As mentioned above, the Alfol process is known as an industrial method for producing straight-chain higher alcohol (e.g., see Non-Patent Document 1). A typical reaction would be reacting triethylaluminum (AlEt3) with high pressure (120 Kgf/cm2) ethylene at 120° C. (following reaction formula (1)), and then oxidizing at 50° C., 5 Kgf/cm2 (following reaction formula (2)) and hydrolyzing at 90° C. (following reaction formula (3)) to convert to alcohol.Al(C2H5)3+3nC2H4→Al[—(CH2—CH2)n—C2H5]3  Reaction formula (1):
Here, in reaction formula (1), n represents any integer.Al[—(CH2—CH2)n—C2H5]3+1.5O2→Al[O—(CH2—CH2)n—C2H5]3  Reaction formula (2):
Here, in reaction formula (2), n represents any integer.Al[O—(CH2—CH2)n—C2H5]3+3H2O→3C2H5(CH2CH2)nOH+Al(OH)3  Reaction formula (3):
Here, in reaction formula (3), n represents any integer.

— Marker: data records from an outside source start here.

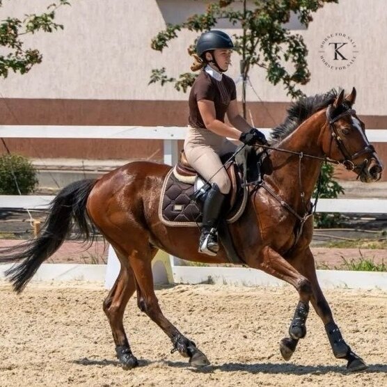 Отец - Пофтор, мать - Гавань Валдая. Ласковый, адекватный. Стартовый опыт до 100 см, дома до 110 см, может выше. Идеально делает переходы, подъемы. Имеет хорошую технику прыжка. Очень прыгучий, выпрыгивает из любой точки. Имеет правильные аллюры. Простой в управлении, легкий на руку, работает на обычном железе. Не имеет проблем в быту. Возможна продажа с амуницией. Имеется паспорт ФКСР.
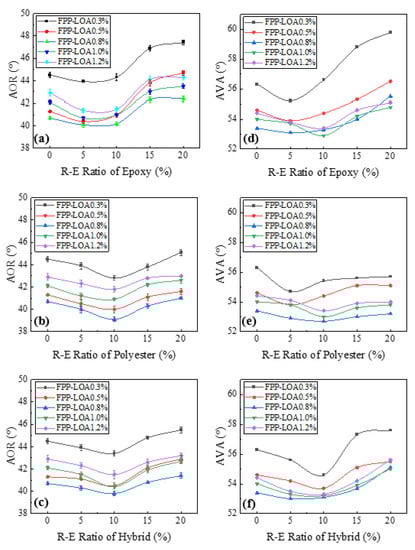 Figure 7 shows the effect of the resin-to-encapsulating material (R-E) ratio on the AOR and AVA under the specific additive loading ratio. As shown in Figure 7a, all the sample groups have similar trends with various LOAs: AOR decreases with the increase of the R-E ratio of epoxy to a minimum value when the epoxy R-E ratio is approximately 5~10% range. After that, with the increase of the R-E ratio of epoxy (10~20%), AOR increases gradually. There exists a minimum AOR at approximately 10% R-E ratio of epoxy. The similar trends can also be observed for different R-E ratios of polyester and hybrid, as shown in Figure 7b,c. AOR decreases with increasing R-E ratio of encapsulating material from 0% to 10% and then increases after this R-E ratio. The only difference between Figure 7a and the other two graphs is the decreasing rate of AOR with epoxy resin is slightly lower than that with the other two materials, when the R-E ratio is lower than 10%.
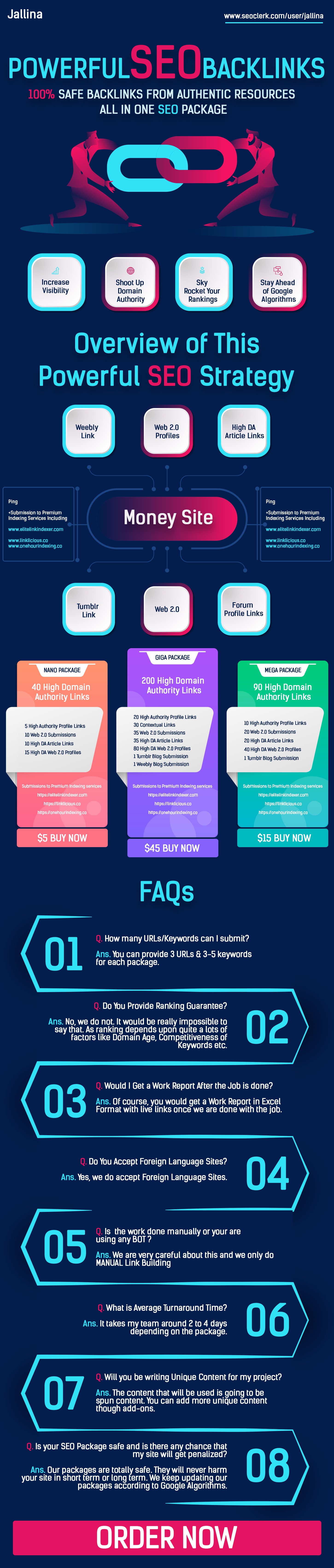 In higher packages you will get Approved Links from Tumblr and Weebly
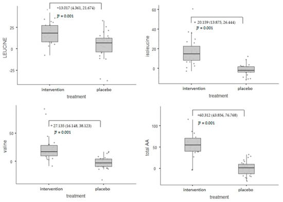 Figure 4 depicts the amino acids profile mean difference changes from baseline to 60 days. Amino acids profile represented by valine, leucine, isoleucine, and total amino acids showed a statistically significant increase in the intervention group in comparison to the placebo group at 60 days (p = 0.001).
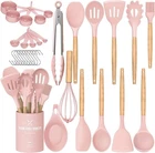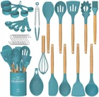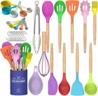 FOOD GRADE SILICONE: Made of food-grade silicone, BPA-free, can use in any type of food. And it will probably last longer than the other plastic kitchen utensils. This silicone cooking utensils does not react with food or beverages, you don’t have to worry about the health of your families will not retain odors or colors, Before the first use, the original smell will disappear after the silicone soaking in water and exposed it to the air for about 3 hours NO BEND & NO BREAK & HEALTHY FOR COOKWARE: Our kitchen utensils are more sturdy than other usual wooden kitchen utensils, ensures daily use for a long time without being worn down. Designed not to bend, break or rust HIGH TEMPERATURE WITHSTAND: The Silicone Cooking Utensils can withstand high temperatures up to 446°F/230°C. All-around silicone added to the softness, no longer worry food will stick your cookware. Silicone head protect your pans, keep the cookware surface not scratched or dented. Extend the life of all your kitchen pans.They are scratch resistant, unlike plastic and rubber utensils that will easily melt or l kitchen utensils harm your nonstick pots 33 DURABLE WOODEN HANDEL KITCHEN UTENSILS SET: Anti scalding protect your hand from burning, 33 professional silicon Kitchen utensil set includeshe set includes flexible spatula, soup ladle,serving spoons pasta server, spatula turner , tongs, mesuring cup and spoons, 10 hooks, silicone mat and so on. Meet your all kinds of kitchen needs, Because of the wooden handle, We don't recommend soaking in water for a long time or dishwasher cleaning BEST KITCHEN TOOLS: One- piece stainless steel core to enhance durability and toughness to keep the spatulas from bending or deformation. 33 Different shape for its unique function would be your great kitchen helper! A small holes on the handles for easy storage. extra 10 pcs hooks and utensils holder for convenient storage. A silicone mat provide you more convenience. Great presents for anyone who loves to cook, also good presents set for your friend,family Brand Umite Chef 8234971
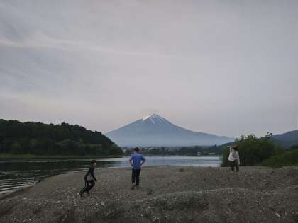 朝の支度をササッとすませ、湖畔へ散歩に行きました。今日も富士山が大きく見えています。
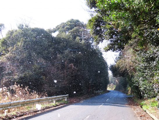 ・写真1、昼前散歩の農道にて。陽は差しているのに粉雪が舞っていた。冷たい風を避けて切り通しを歩く(写真2)。〔仕事&歩数〕川柳塔社向けの愛染帖・飛行船・各地柳壇などを見直してメール&投函。大山滝句座会報作成。7,163歩。

Consideration on performing the Alfol process in an ethylene pressure available in the laboratory has already been made, and it has been confirmed that if the reaction of AlEt3 is performed in an ethylene pressure of 20 Kg/cm2, the yield of the objective straight-chain alcohol is about 3% of the applied aluminum compound which is extremely low when the reaction temperature is 120° C., and when the reaction temperature is increased, the production of straight-chain terminal alkene becomes the main reaction (see comparative experiment). In general, in order to obtain an aluminum compound intermediate from the above reaction formula (1) by inserting ethylene in between Al—C of AlR3 (R=Me, Et), it is necessary for the reaction to be carried out under an ethylene pressure of 80 to 300 Kg/cm2 and a high temperature (at least 100° C. or higher).

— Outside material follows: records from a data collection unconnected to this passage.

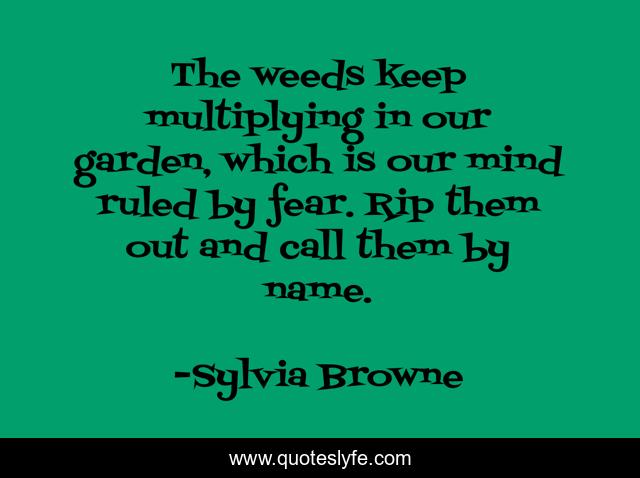 This page presents the quote "The weeds keep multiplying in our garden, which is our mind ruled by fear. Rip them out and call them by name.". Author of this quote is Sylvia Browne. This quote is about confidence, garden, positive, motivational, mind, optimistic,.
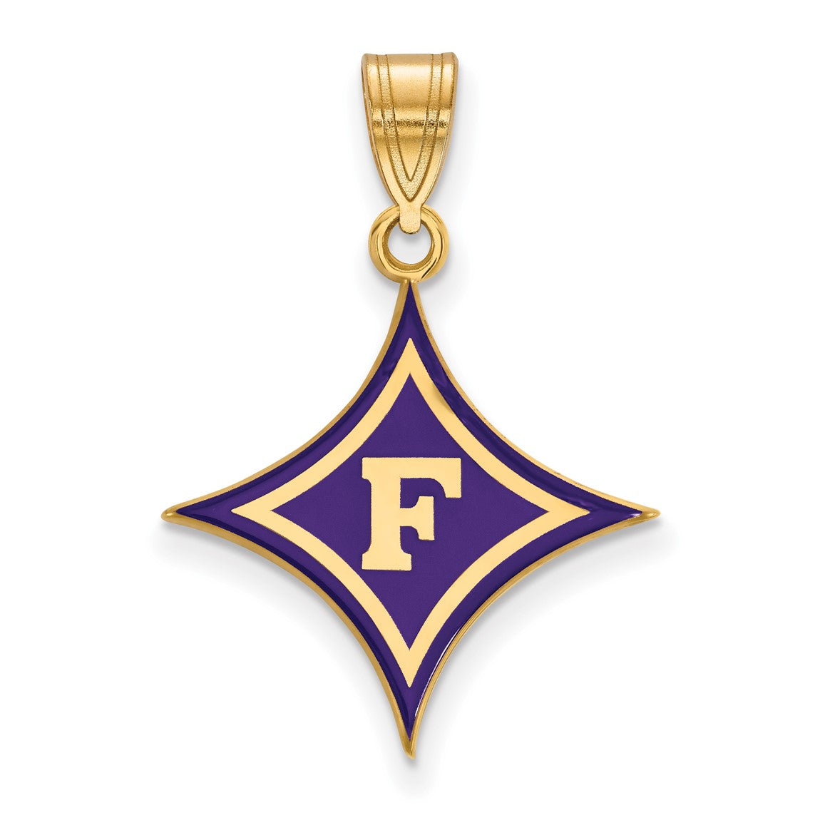 Sterling Silver Gold-plated LogoArt Furman University Large Enameled Pendant
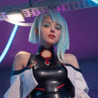 The image depicts a person dressed in an outfit that resembles the character Lucy from
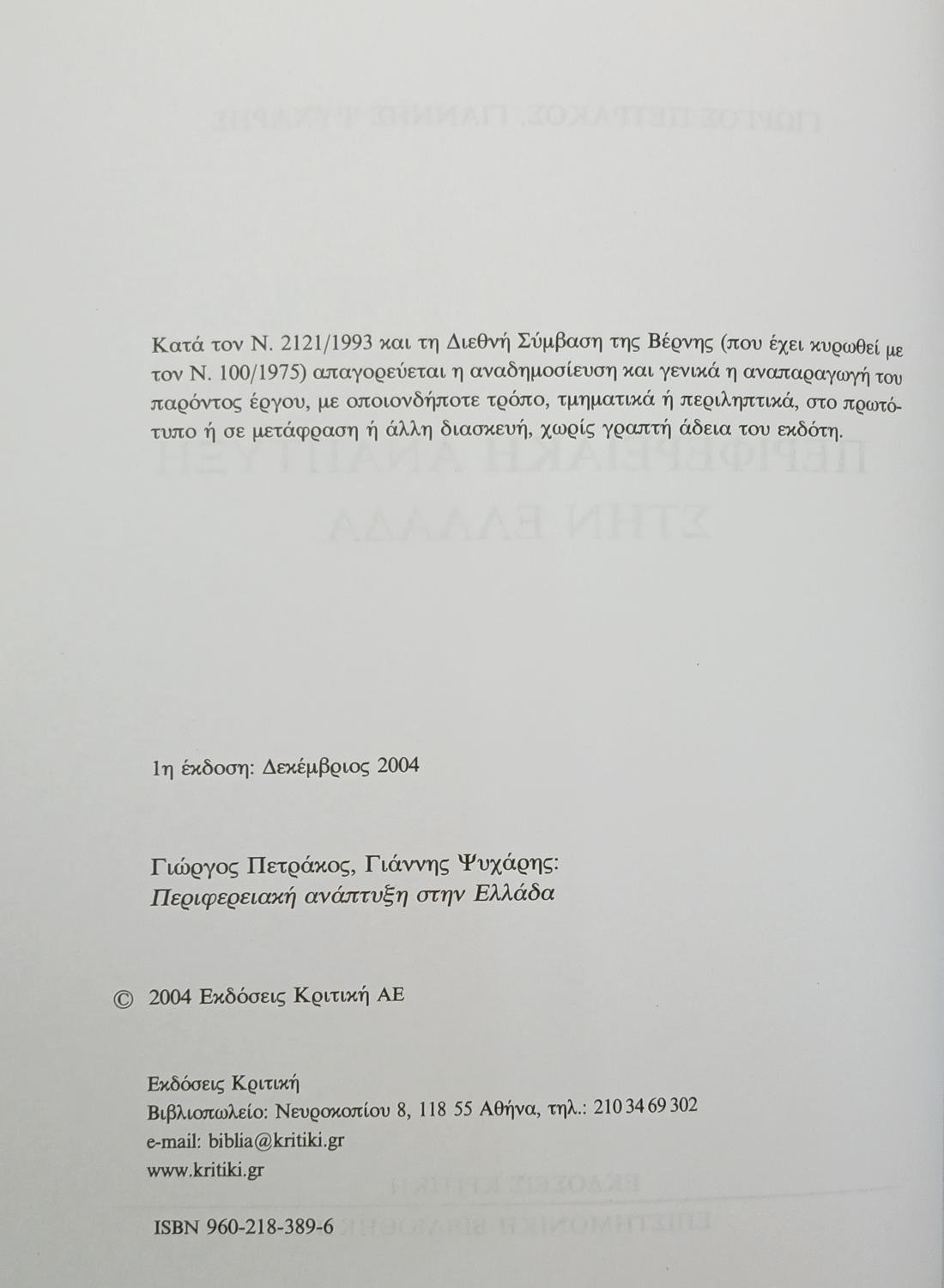 “Περιφερειακή Ανάπτυξη στην Ελλάδα” Γιώργος Πετράκος, Γιάννης Ψυχάρης (2004)
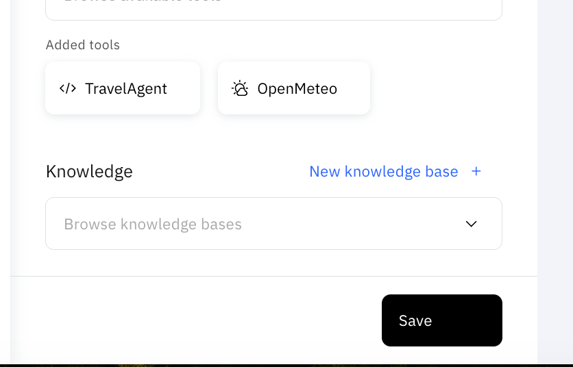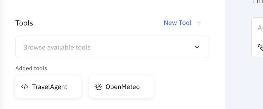 TravelAgentToolto the UI system schema in the src/app/api/schema.d.ts fileFor the newer Bee – UI version 2024.12.18 you need to search for “web_search” | “wikipedia” | “weather” | “arxiv” | “read_file” | “llm” | “calculator” changes which works with the Pull Request.
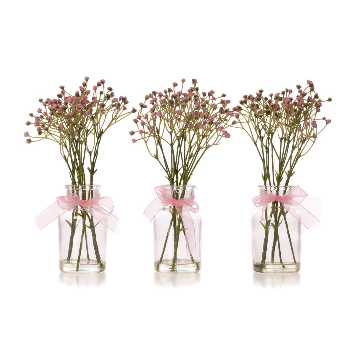 * Pack of 3 Artificial bundles, presented in glass vases* Decorated with a removable Ribbon* Perfect for use as wedding decorations This Set of 3 Artificial Gypsophila Bundles in Glass Bottle Vases adds a touch of charm to any occasion. Ideal for table centres or as DIY wedding décor, these petite vases bring a delicate beauty to your setting.
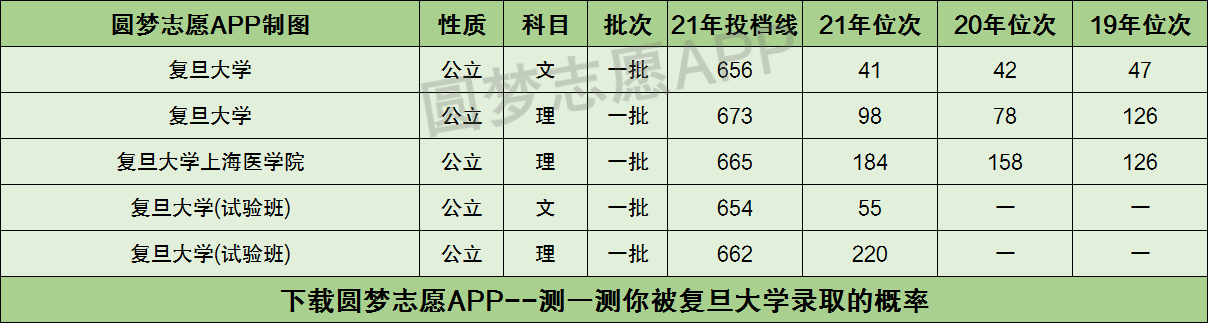 最后,小编也要提醒大家:报考大学时参考大学三年最低位次,只能保证你被复旦大学录取。但如果你想知晓自己被复旦大学哪些专业录取的概率比较高的话,那么一定要看自己的高考位次超过了复旦大学哪些专业三年的位次!(手机应用市场,可查看全国所有大学及专业近三年的录取分数线和位次,测一测你被目标大学录取的概率是多少!)

Meanwhile, a technique for obtaining an aluminum compound intermediate that is the same as the product of reaction formula (1) under low ethylene pressure (e.g., about 5 Kg/cm2) is known. This method called Catalytic Chain Transfer Polymerization (CCTP method) enables converting an R group (R=Me, Et) of a main group metal alkyl (e.g., AlR3, ZnR2, MgR2) into a long-chain alkyl through the reaction with ethylene, by using a transition metal alkyl compound as a catalyst. By using the obtained AlR3 (R: long-chain alkyl), it is possible to obtain alcohol R—OH in accordance with formulas (2) and (3) (e.g., see Non-Patent Documents 2 and 3).

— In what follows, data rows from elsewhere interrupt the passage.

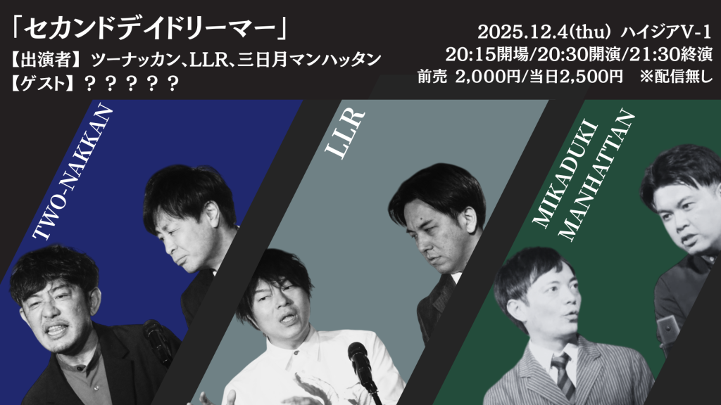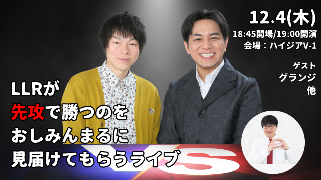●LLRが先攻で勝つのをおしみんまるに見届けてもらうライブ 12月4日(木)18:45開場/19:00開演 出演:LLR、おしみんまる、グランジ、他 前売:2,000円 当日:2,500円 ●セカンドデイドリーマー 12月4日(木)20:15開場/20:30開演 出演:ツーナッカン、LLR、三日月マンハッタン、他 前売:2,000円 当日:2,500円 |
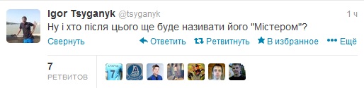 «Ну и кто после этого еще будет называть его «Мистером»?» – написал Цыганык в социальной сети.
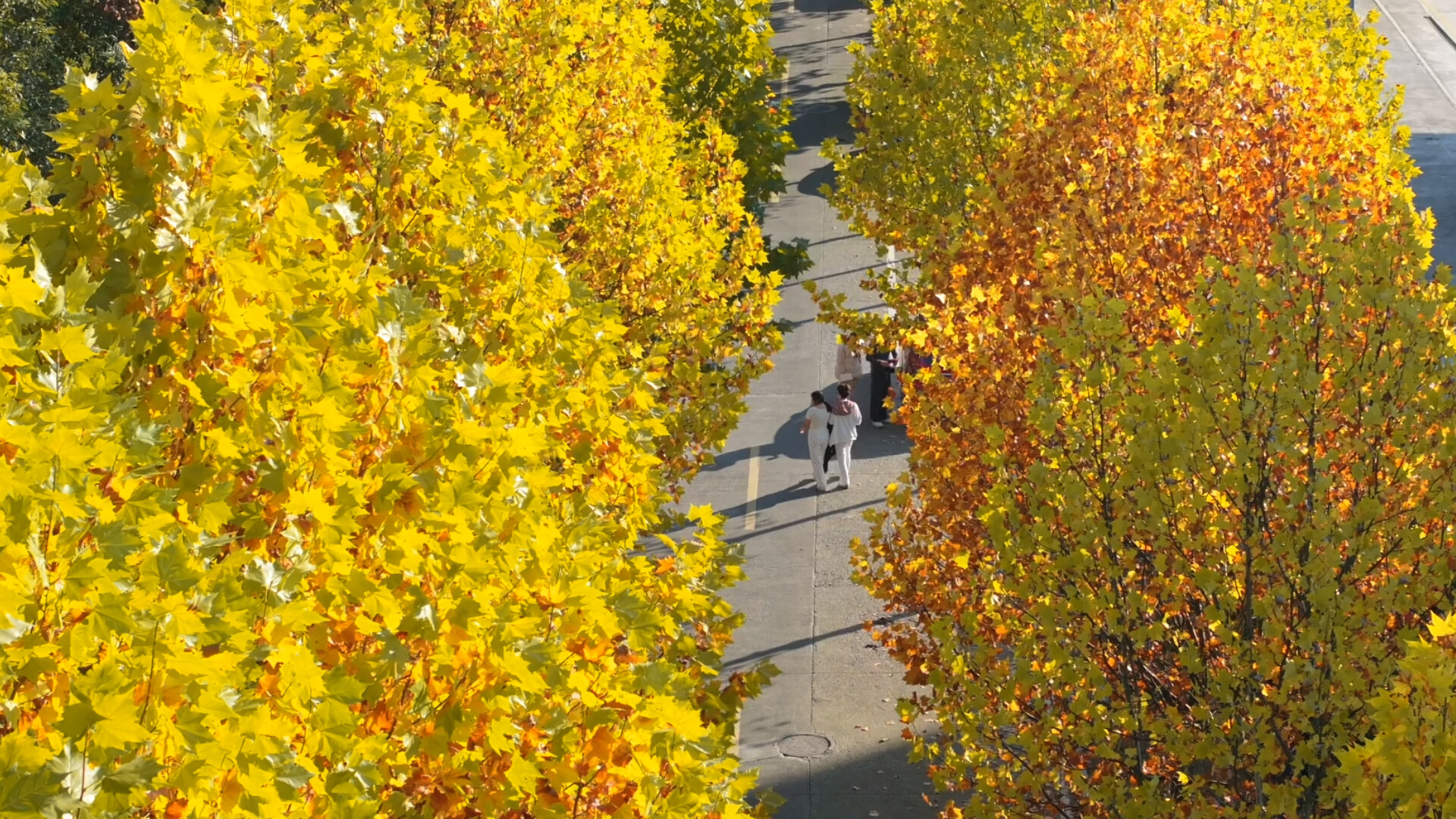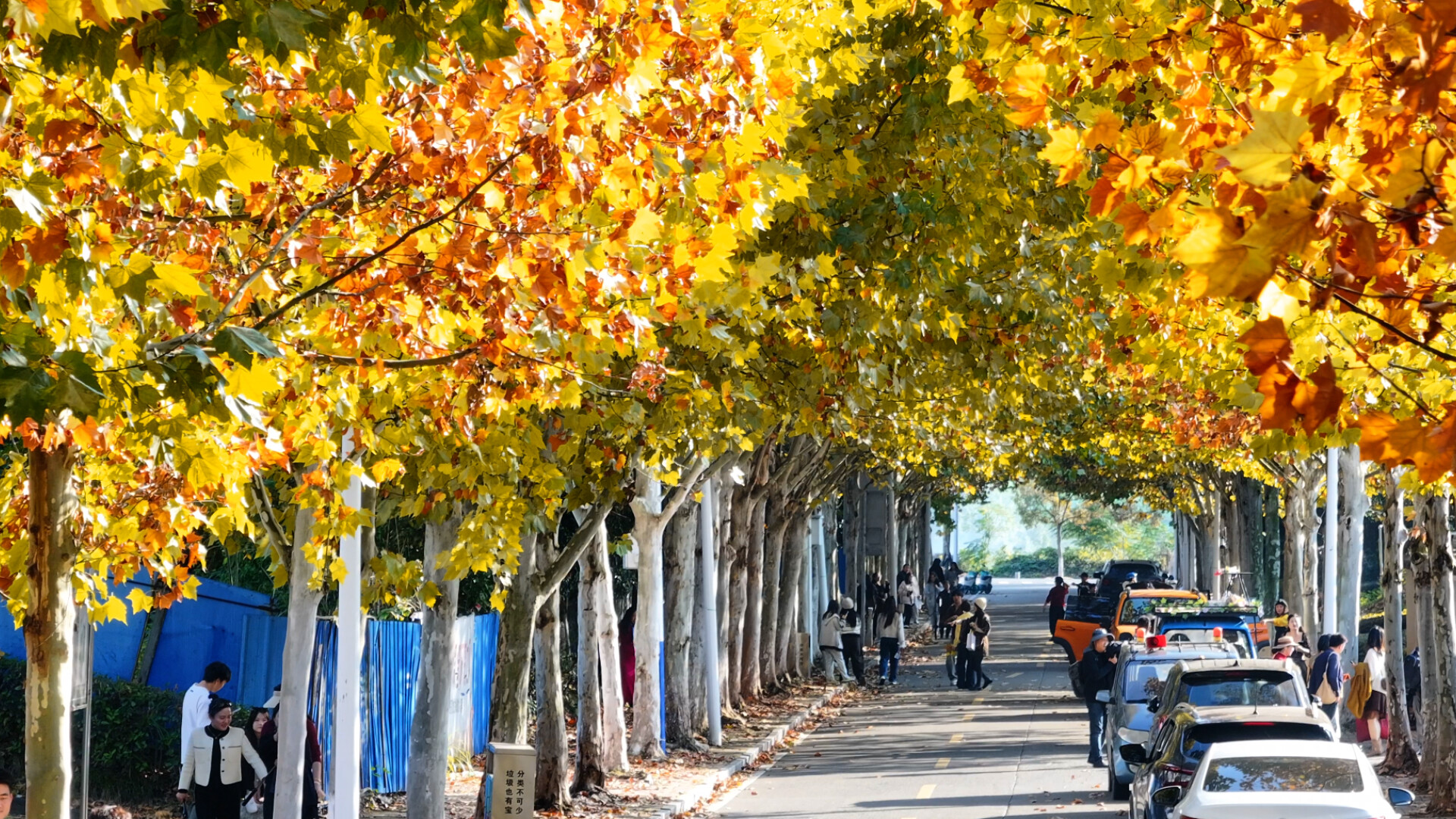 道路两旁的梧桐树褪去青绿,枝叶间渐染的金黄在阳光下愈发璀璨,微风拂过,金黄的叶片如蝴蝶般蹁跹飘落,在路面铺就出一层厚厚的“金色地毯”。

However, since the above-mentioned CCTP method proceeds in a mechanism where the ethylene insertion takes place between the transition metal and alkyl, and then the grown alkyl group causes exchange with an alkyl group bonded to aluminum, there is a problem that before the long-chain alkyl transfers to aluminum, terminal alkene mixes in due to side reactions that cause β-hydrogen elimination on the transition metal. In addition, regardless of whether the interaction between alkyl aluminum and transition metal alkyl is strong or weak, the objective reaction will not proceed, and therefore there is a problem that the reaction conditions are limited (e.g., see Non-Patent Document 2).